Cette vision romantique, qui fait des apéros en terrasse et des partouzes géantes place de la République le summum de la résistance au djihadisme, a immédiatement rencontré un très fort écho, sans doute parce qu’elle correspond en tout point à la représentation avantageuse que la France a d’elle-même : celle d’un phare éclairant le monde de ses lumières depuis bien avant 1789.
Mais, si le choix des cibles (des caricaturistes antireligieux et des Juifs hier, des amateurs de rock aujourd’hui) ne doit évidement rien au hasard, il existe bien d’autres pays où l’égalité réelle des femmes et des minorités sexuelles est plus avancée qu’ici et qui, pour autant, ont été jusqu’à présent épargnés par Daech.

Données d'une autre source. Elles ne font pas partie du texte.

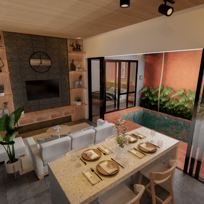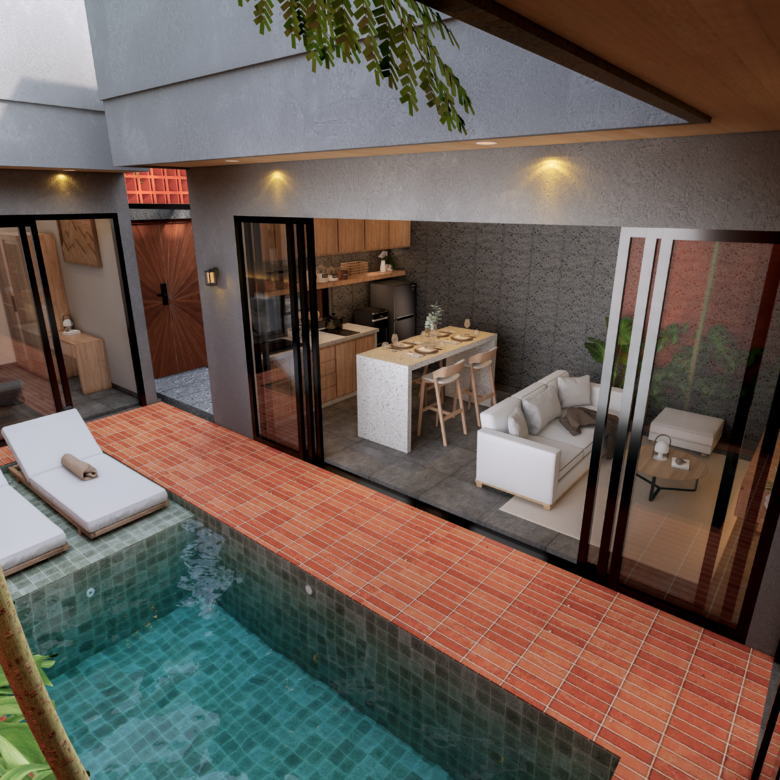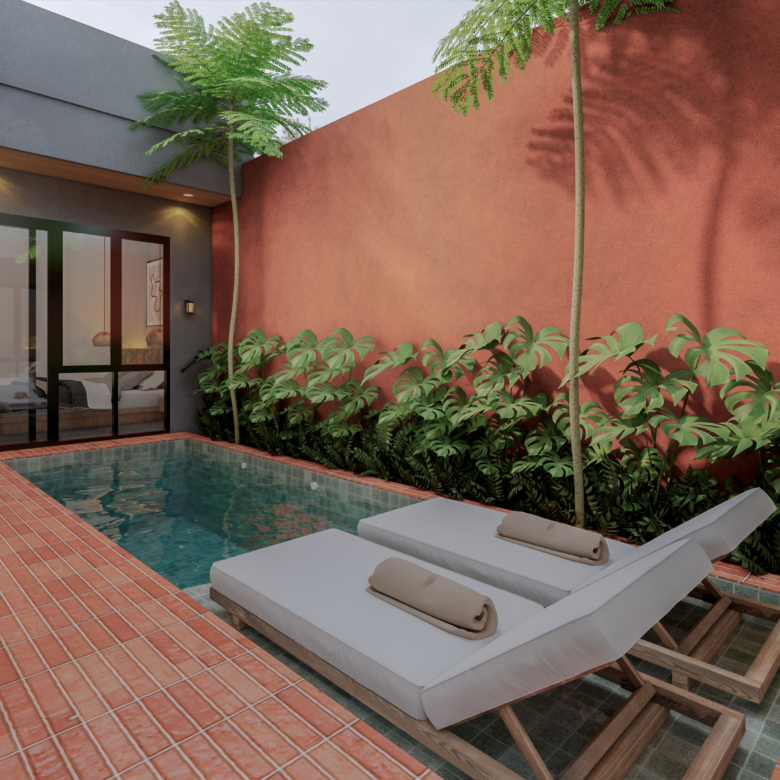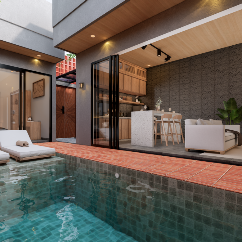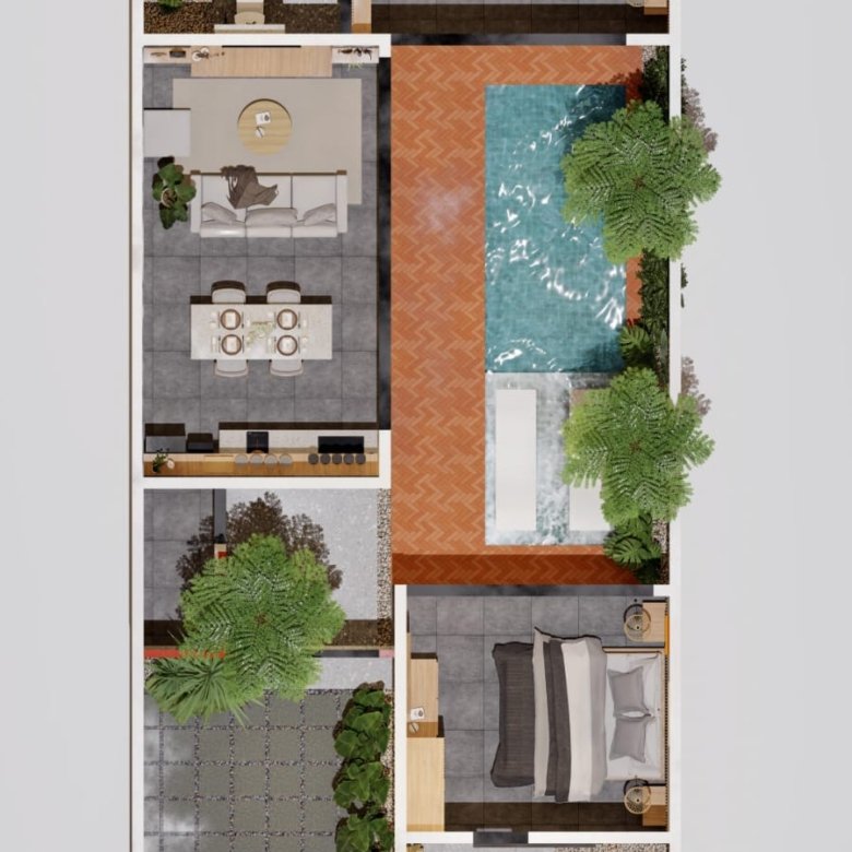 Located in the sought-after Kedonganan area, this stunning tropical modern villa is currently under construction and scheduled for completion in May 2026. This leasehold property comes fully furnished with high-end amenities, including two queen-sized beds, a stylish kitchen island with four bar chairs, a complete kitchen set with an induction cooker, and a cozy living area equipped with a smart TV and climate control. The design emphasizes comfort and luxury, featuring a private pool view, sunbeds, and a primary bathroom complete with a bathtub and water heater. Situated in a strategic yellow zone, the villa offers incredible proximity to key destinations, being just five minutes from Jimbaran Beach and ten minutes from the international airport, while remaining within a short drive of Canggu, Uluwatu, and Nusa Dua. With PBG and SLF permits already included, this turnkey investment represents a seamless opportunity for those seeking a contemporary island lifestyle or a high-potential rental property.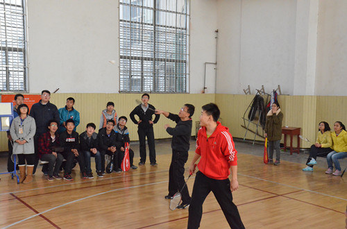 11月16日上午,由我校体育运动委员会和大乐透 团总支主办,羽毛球协会承办的大乐透 2013年“迎新杯”羽毛球比赛在体育科学学院体育馆拉开帷幕。校团委副书记张明洁、大乐透 党总支副书记王慕东、校体育教研部江华老师、教师教育学院何文广老师、大乐透 刘合波老师应邀出席了开幕式,开幕式由大乐透 团总支书记王建阳主持。

Cette analyse à courte vue a également pour effet (et pour but) évident d’occulter toute réflexion un peu sérieuse sur les conséquences de la politique étrangère de la France au Proche- et au Moyen-Orient et sur les alliances conclues avec des régimes despotiques de la région (Égypte, Arabie saoudite…).
Plus globalement, elle pèche par idéalisme, en cela qu’elle explique les événements par des pensées et des abstractions (la haine de l’Occident, le fondamentalisme religieux…) sans se préoccuper des conditions matérielles qui permettent à ces idées de naître et de prospérer.
C’est un travers partagé aussi bien par nos gouvernants (pour qui la lutte contre le djihadisme doit être idéologique et culturelle plus que politique et sociale) que par un petit groupe de hauts fonctionnaires catholiques réactionnaires, le Plessis, auteur sur le Figarovox d’une tribune qui explique l’attrait de l’islamisme par la déchristianisation de l’Europe. Et en profite au passage pour dénoncer une fois de plus le mariage pour tous et la gestation pour autrui, coupables à leurs yeux de ne pas combler le «vide spirituel» du Vieux Continent (comme si c’était ce qu’on attendait d’eux…).
La presse n’est pas épargnée non plus par cet idéalisme, si on en croit les nombreux éditoriaux dénonçant toute tentative d’explication des racines du terrorisme comme une justification de ce dernier et voyant derrière elle une insidieuse «culture de l’excuse».
Prendre du recul sur les événements, comprendre ce qu’il s’est passé, suppose pourtant d’en finir avec ce que le journaliste Joseph Confavreux appelait récemment «la haine des causes» (mais aussi haine de la sociologie, des sciences sociales…) et avec les appels aussi creux qu’incessants à ces «valeurs» qui ne se soucient des droits des femmes et des minorités sexuelles que lorsque cela sert leur agenda guerrier.